Staff made sure patients and those close to them understood their care and treatment. Patients we spoke with during our assessment understood their treatment plans and were involved in decision making about their care.
Staff talked with patients, families and carers in a way they could understand, using communication aids where necessary.
Patients and their families could give feedback on the service and their treatment and staff supported them to do this.
Patients on the medical wards felt happy with their care and were offered refreshments appropriately. Patient feedback was mixed in relation to food provision. Some described it as excellent, and others felt it could be improved.
Information on how to provide feedback was displayed on notice boards across the medical wards.
Patients gave positive feedback about the service. Thank you cards from patients and their families were displayed on the wards we visited.
During our assessment we observed appropriate equipment such as hoists available to help staff promote independence and mobility. The trust provided care bags that contained sensory aids such as eye masks, headphones, and fidget tools.
The trust had a learning disabilities (LD) nurse in post who ensured that patients with learning disabilities were reviewed each day. There were hospital passports in use and the trust worked with the community LD team who liaised closely with inpatients or outpatients to discuss and organise reasonable adjustments. There was a flagging system within patient records to ensure staff were aware of patients in their care who had a learning disability.
There was access to a local network for LD as well as a new network between the trust, local mental health trust and LD social work team.
Responding to people’s immediate needs
We scored the service as 3. The evidence showed a good standard. The service listened to and understood people’s needs, views and wishes. Staff responded to people’s needs in the moment and acted to minimise any discomfort, concern or distress.
Most patients we spoke with commented they could access their call bell and use it to alert staff. Staff responded quickly when call bells were used and if there was a delay patients told us staff explained why. Patients told us they were offered regular pain relief if they were in pain. The medical wards achieved 99% compliance for pain management in the last 6 months.
Staff understood the importance of identifying needs, views and wishes and aimed to prioritise this. They told us they tried to ensure immediate needs were met but this was sometimes made difficult if a high number of patients requiring one to one care and they didn’t have dedicated staff available.

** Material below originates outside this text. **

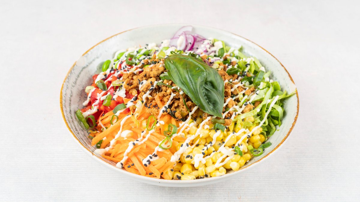 Mleveno meso u ojster sosu, pirinač, mladi luk, kukuruz, crveni luk, šargarepa, edamame, avokado, zelena salata, majonez sa tartufima, crni susam.

We observed good examples of staff being alert to patients’ needs and offering immediate intervention, support and help. We observed intentional rounding and staff supporting patients through mealtimes. Call buzzers were answered swiftly, and equipment was readily available for staff to use.

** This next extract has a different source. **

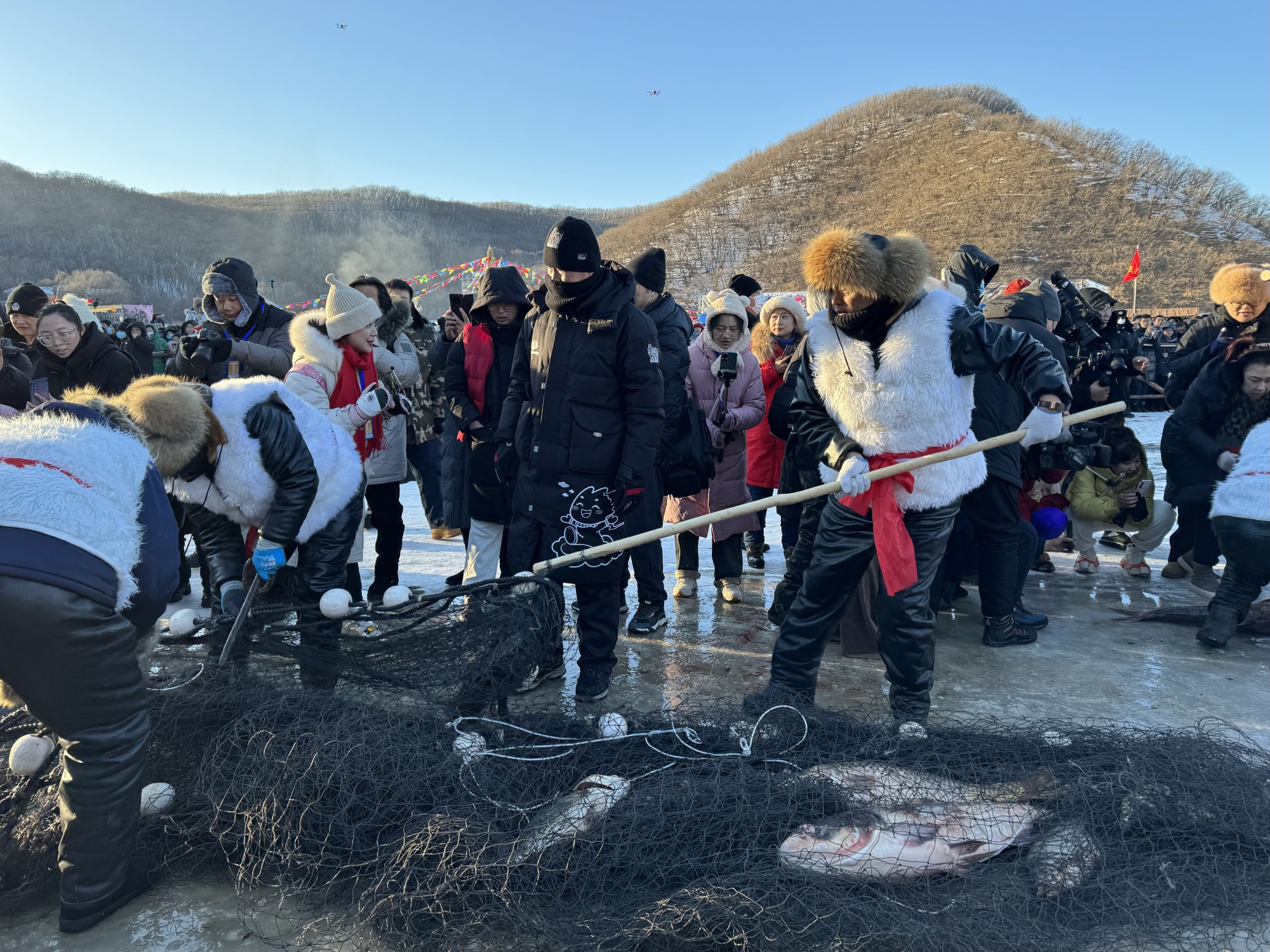 CNR Net Mudanjiang January 15 News (Reporter Ma Junwei) The millennia-old and mysterious fishing and hunting culture, including rituals like "Lake Worship," "Net Awakening," "Farewell Toast," and "Harvest Celebration," was showcased once again; the spectacular scene of silver carp and koi leaping out of Jingpohu Lake reappeared...

Wards used NEWS2 to assess deterioration, wellbeing and pain scores formed part of this. A non-verbal tool was also available.
Workforce wellbeing and enablement
We scored the service as 3. The evidence showed a good standard. The service cared about and promoted the wellbeing of their staff and supported and enabled staff to always deliver person-centred care.

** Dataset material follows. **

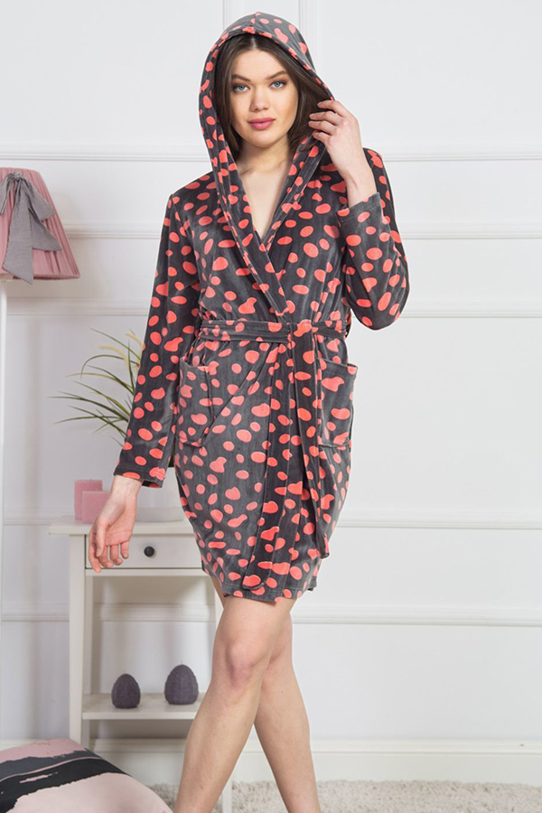 Халат жіночий довгий велюровий рукав на запах з капюшоном купити в Україні

There was support in place to prevent and address anxiety, stress and depression related absences including, but not exclusive to mental health and wellbeing sessions led by a clinical psychologist. An employee assistance programme was available and staff could request flexible working. The trust had increased occupational health clinical capacity and introduced health and wellbeing pages on the intranet available for all staff. There was an occupational health and wellbeing policy in place.
The road to wellbeing map was a new infographic developed by the senior nursing team within the surgical division for mental health awareness week. The aim was to highlight and signpost staff to all the diverse types of wellbeing support the trust offered. The poster was displayed in the staff areas.